Team MetaboActions / Michael Hodges

The team offers two Master 2 internships (2022/2023), supervisors: Bertrand GAKIERE (bertrand.gakiere @ universite-paris-saclay.fr) and Livia Merendino (livia.merendino @ universite-paris-saclay.fr)

Improvement of crop potential requires the identification of specific parts of metabolism, which can be manipulated to achieve better outputs. When nutrient supply is such that existing yield potential is reached, the only way to increase production is to improve the efficiency by which nutrients are taken up and used. Metabolism may be manipulated either to achieve more carbon assimilation (per unit of nitrogen) at a lower energetic cost or to increase the biosynthesis of energy compounds (for example NAD) and/or the capacity of nutrient use. An understanding of the basic processes of metabolic pathways and how they relate to plant biomass and respond to environmental constraints is of importance to guide plant breeding and to drive genetic engineering.


The MetaboActions team has 6 current major research interests:

  • Phosphoregulation of primary metabolism proteins mainly centered on selected enzymes of the photorespiratory cycle.

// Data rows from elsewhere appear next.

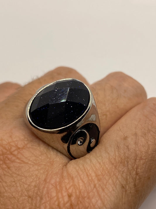 Vintage Yin Yang Black Goldstone Stainless Steel Mens Ring
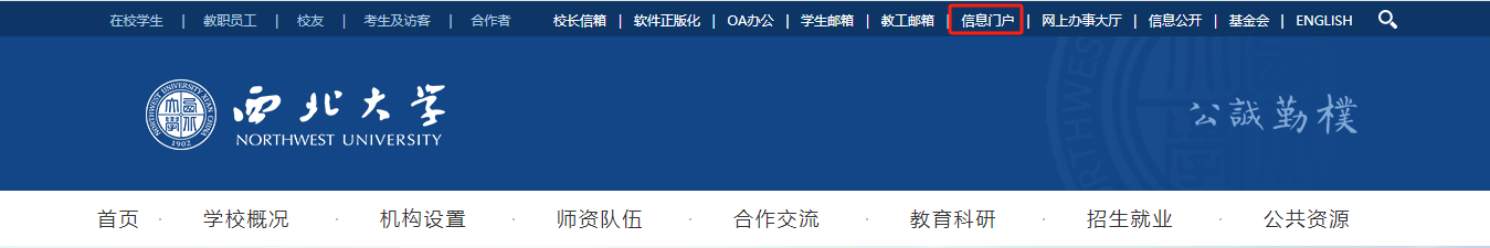 打开学校官方网站,点击8868体育平台“信息门户”入口,或通过域名“https://open.nwu.edu.cn/index”访问,输入统一身份认证账号(即学号或工号)和密码,即可进入信息门户系统。(温馨提醒:请妥善保管密码,以免因密码泄露导致个人信息安全问题)
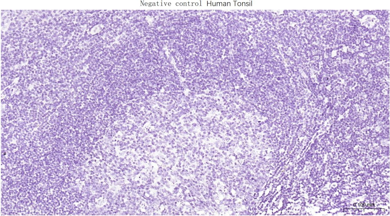 (Negative control) Paraformaldehyde-fixed, paraffin embedded Human Tonsil; Antigen retrieval by boiling in sodium citrate buffer (pH6.0) for 15 min; Antibody incubation with TTF1/NKX2-1 Polyclonal Antibody, Unconjugated (bs-0826R) at 1:200 overnight at 4°C, followed by conjugation to the bs-0295G-HRP and DAB (C-0010) staining.
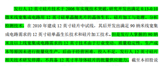 以有研硅为例,虽然其12英寸硅片2006年就实现技术突破,但由于多种原因始终无法实现量产,技术始终停留在理论层面。
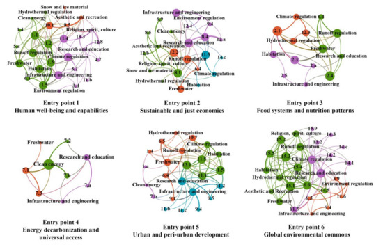 The GSDR 2019 provides a detailed overview of the dimensions of the six entry points and the main aspects as shown in Table S3. The sixty-two targets affected by cryosphere services contain human needs, economy, agriculture, energy, and society and ecology dimensions corresponding to the six entry points (Table S3 in the Supplementary Materials). Based on the network established earlier, the cryosphere services along with the targets divided into six social networks in association with SEPs (Figure 4) and the centrality of services in each SEP can be calculated as shown in Table 3.
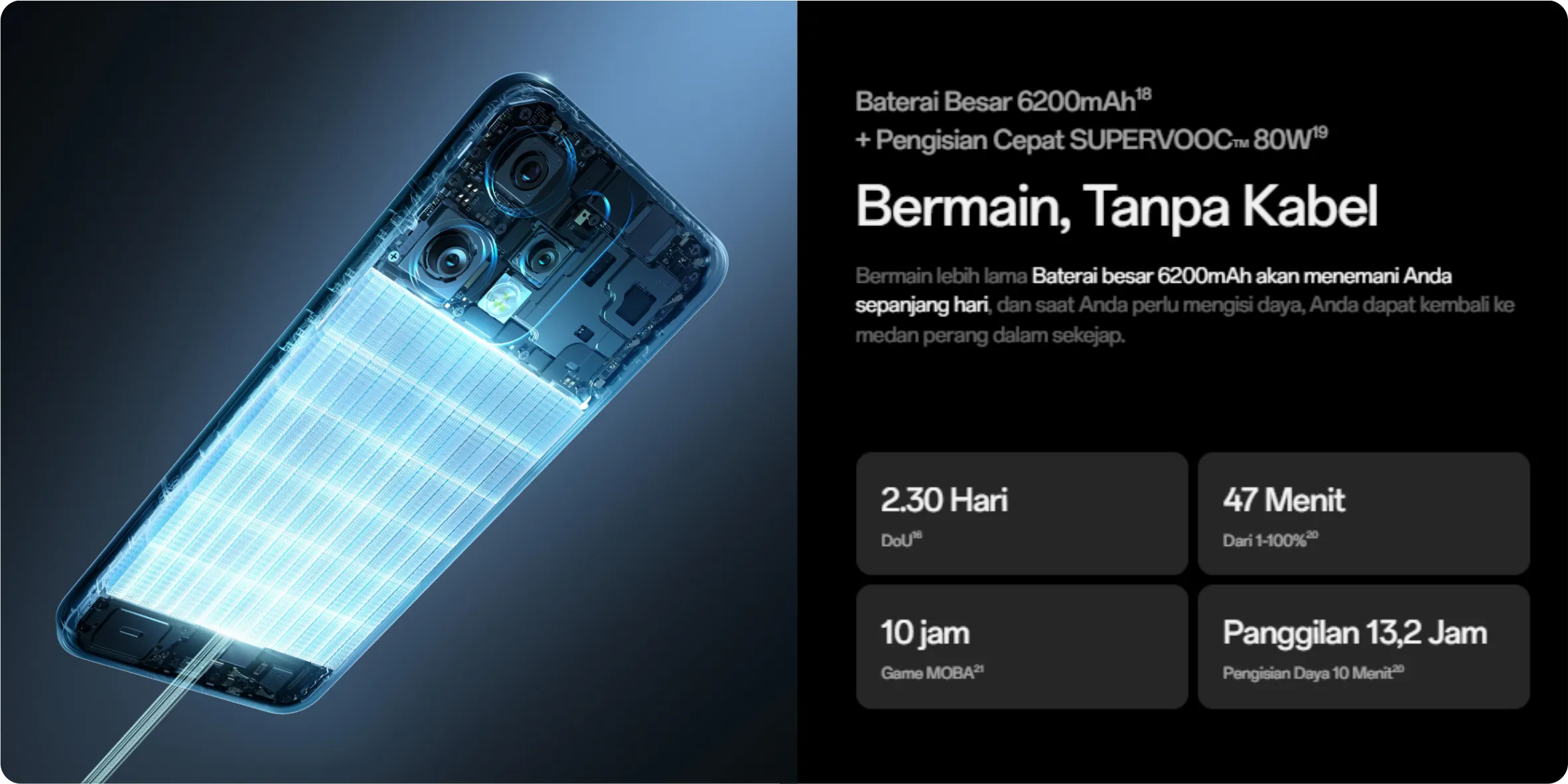 Bebas khawatir baterai cepat habis! Dengan kapasitas besar 6.200mAh, kamu bisa seharian aktif tanpa repot charging. Dilengkapi pengisian cepat 80W SuperVOOC dan 50W wireless charging (AirVOOC).
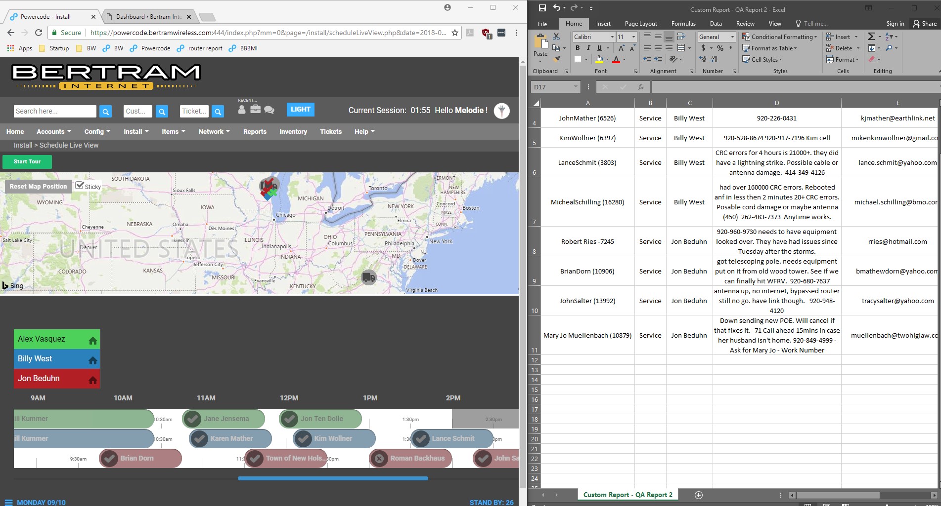 Open the results from the QA Report 2- Remove any jobs that were fails, equipment pickups or surveys (you can figure out which jobs failed by looking at the schedule for the day)

  • Role of photorespiration in stomatal movement

  • NAD biosynthesis and recycling.

  • Using beneficial microbes to increase plant growth under climate change conditions

  • C3-plant acclimation to elevated CO2 .

  • Organelle dysfunction impacts on seedling development.

An over-simplified scheme showing links between the Calvin cycle, glycolysis, the Krebs cycle, photorespiration, GS/GOGAT cycle and NAD. Note the involvement of 4 sub-cellular compartments. The 4 phosphorylated photorespiratory enzymes studied and the first enzyme of the NAD biosynthesis pathway are shown.


Phosphoregulation of photorespiratory enzymes (Mathieu Jossier (mathieu.jossier @ universite-paris-saclay.fr), Nathalie Glab (nathalie.glab @ universite-paris-saclay.fr))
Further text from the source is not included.